**Task goal**
Once the pictures are set aside, transcribe each line of the listing exactly.

**Records supplied**
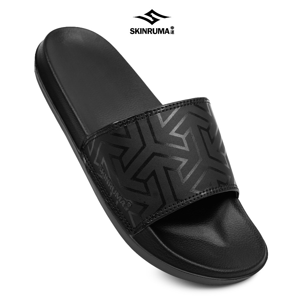 SKINRUMA Sendal Selop Karet Distro Pria Wanita Zig Zag Motive Hitam Fullblack
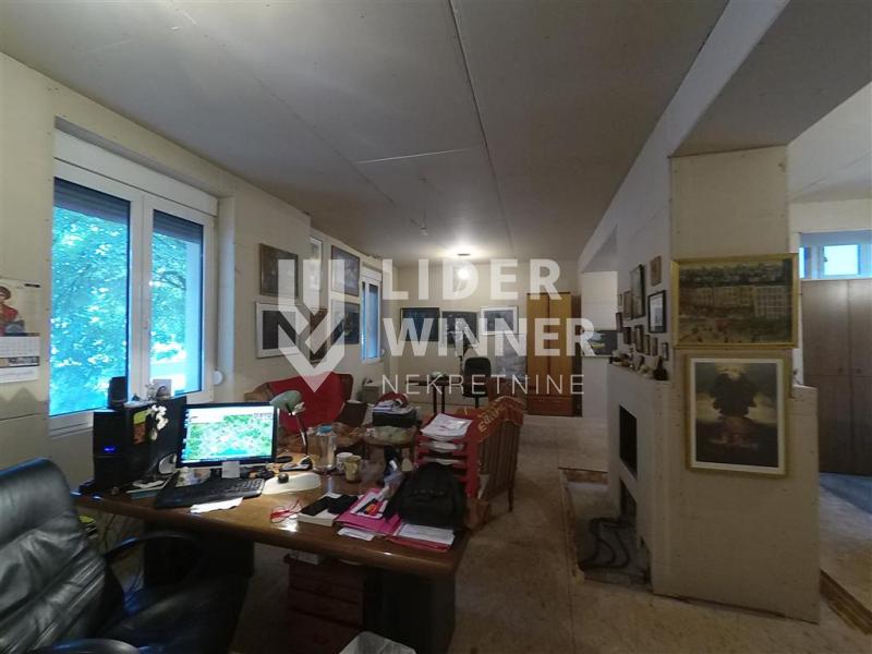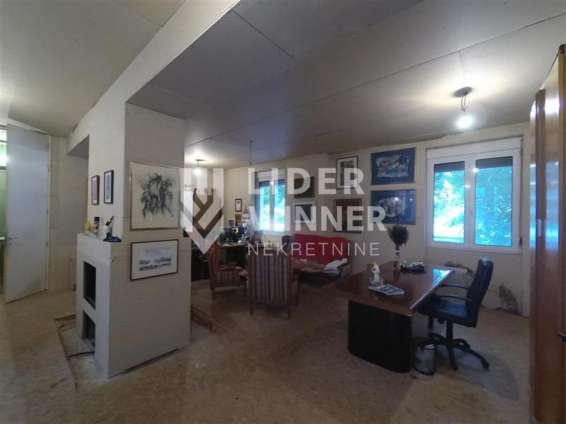 Prosotrije: predsoblje, kuhinja, zastakljena lođa, dnevna soba sa kaminom, radna soba, trpezarija, kupatilo, spavaća soba + garderober. agencijska provizija 2%
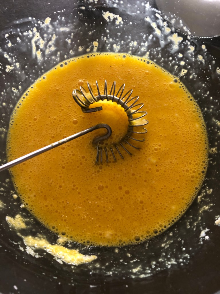 Ungo leggermente di olio un padellino e verso il composto facendo roteare per distribuirlo uniformemente
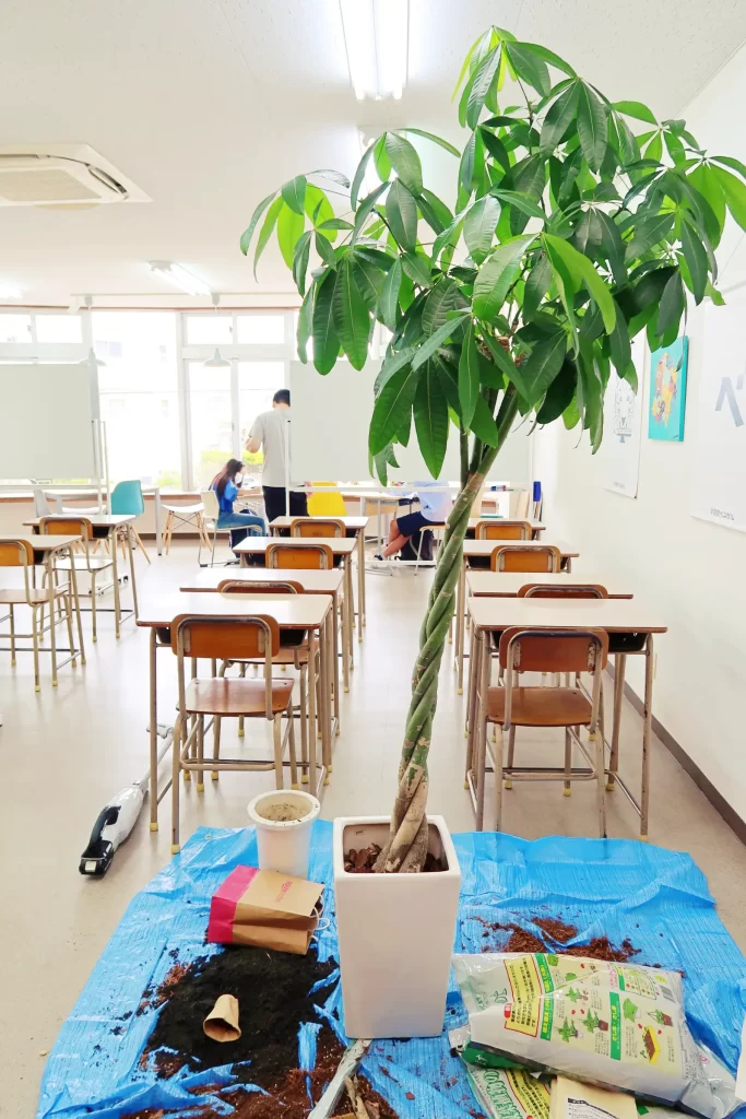 こんにちは!うるま市にあります学習塾ベンガルです! 開校祝いでいただいた幸福の木(ドラセナ)の植え替えにトライしました。 というのも最近調子が悪そうなんですε-(…
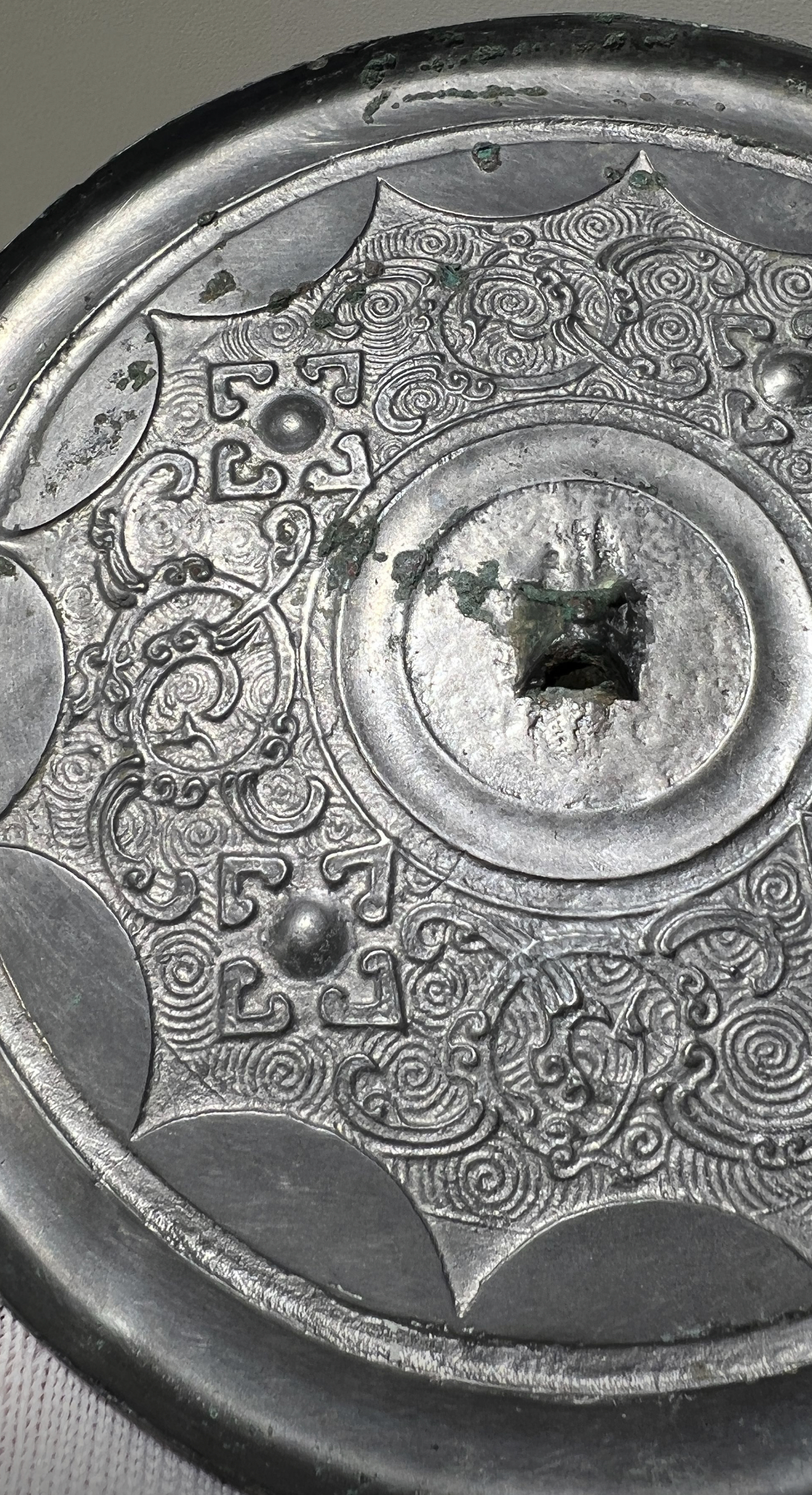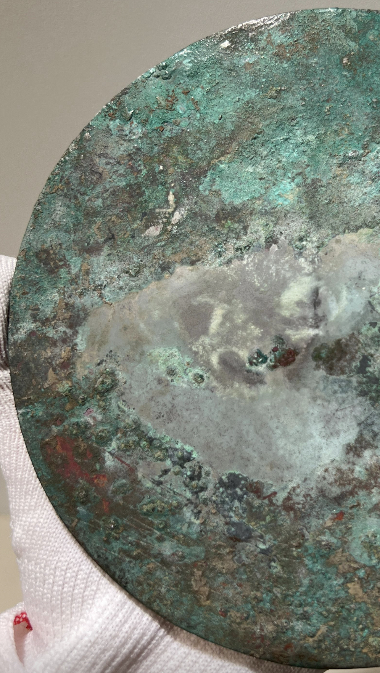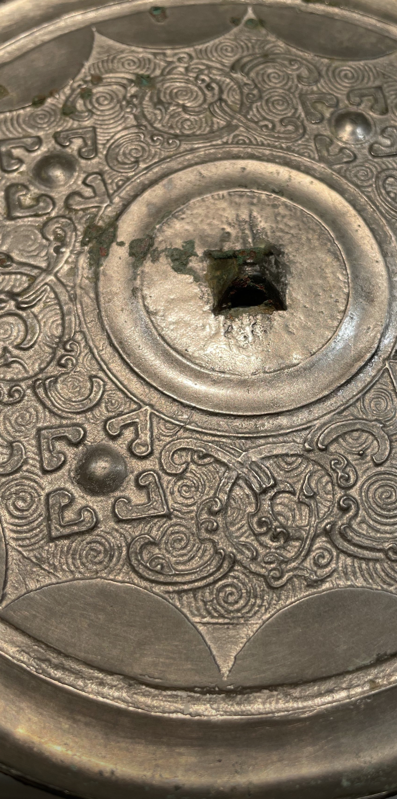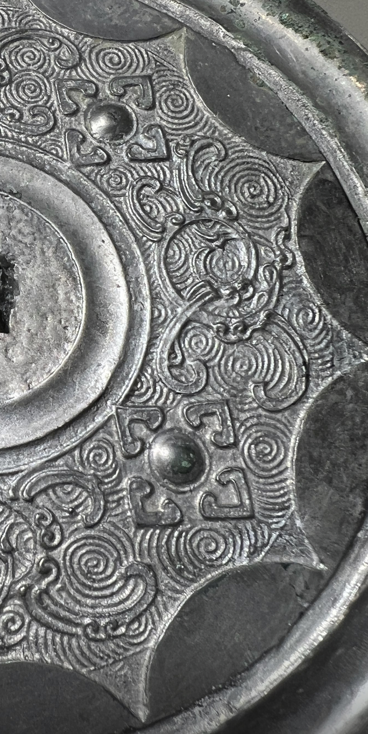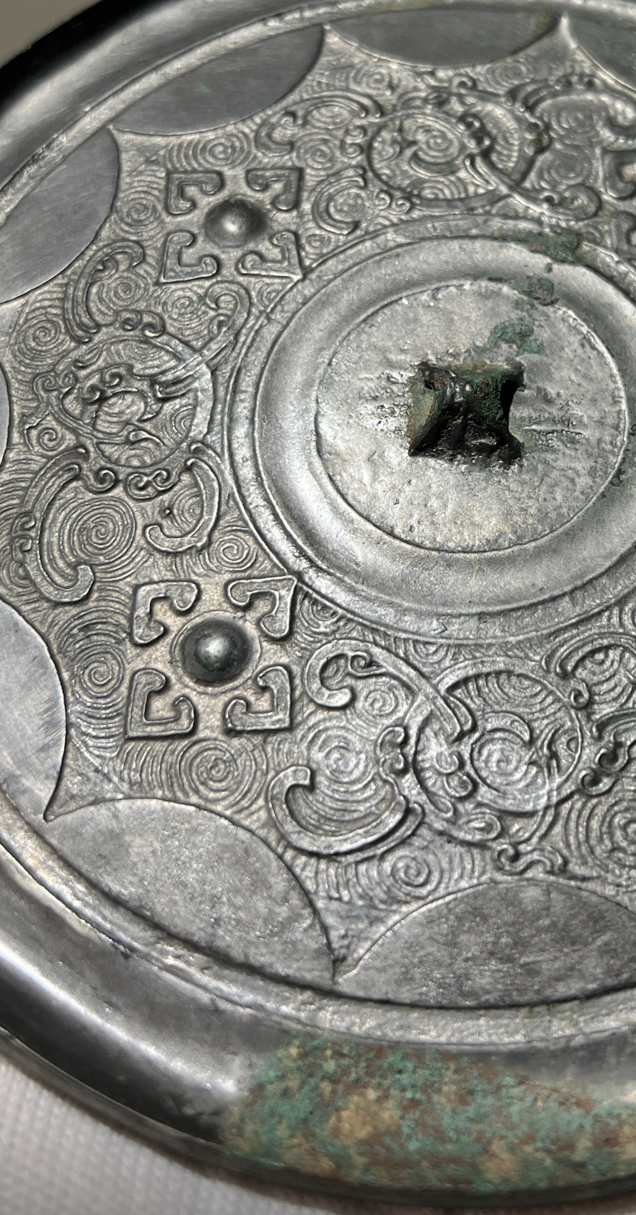 该镜应为战汉镜,其纽和蟠螭为战国纹饰,而沿为半球丶四乳有西汉的特征,但还应属战国镜,准确表述可为战汉镜,即战国未期西汉早期镜!该镜版模不错,应为一版半模,惜三纽周围修胎留有铸痕,镜背有几处入骨粉绣以及镜面绣重!但镜面白光,说明铜质特佳!战汉镜有16公分已属大镜,确实不错,价约2一3万左右!!

**Your solution**
 SKINRUMA Sendal Selop Karet Distro Pria Wanita Zig Zag Motive Hitam Fullblack
 Prosotrije: predsoblje, kuhinja, zastakljena lođa, dnevna soba sa kaminom, radna soba, trpezarija, kupatilo, spavaća soba + garderober. agencijska provizija 2%
 Ungo leggermente di olio un padellino e verso il composto facendo roteare per distribuirlo uniformemente
 こんにちは!うるま市にあります学習塾ベンガルです! 開校祝いでいただいた幸福の木(ドラセナ)の植え替えにトライしました。 というのも最近調子が悪そうなんですε-(…
 该镜应为战汉镜,其纽和蟠螭为战国纹饰,而沿为半球丶四乳有西汉的特征,但还应属战国镜,准确表述可为战汉镜,即战国未期西汉早期镜!该镜版模不错,应为一版半模,惜三纽周围修胎留有铸痕,镜背有几处入骨粉绣以及镜面绣重!但镜面白光,说明铜质特佳!战汉镜有16公分已属大镜,确实不错,价约2一3万左右!!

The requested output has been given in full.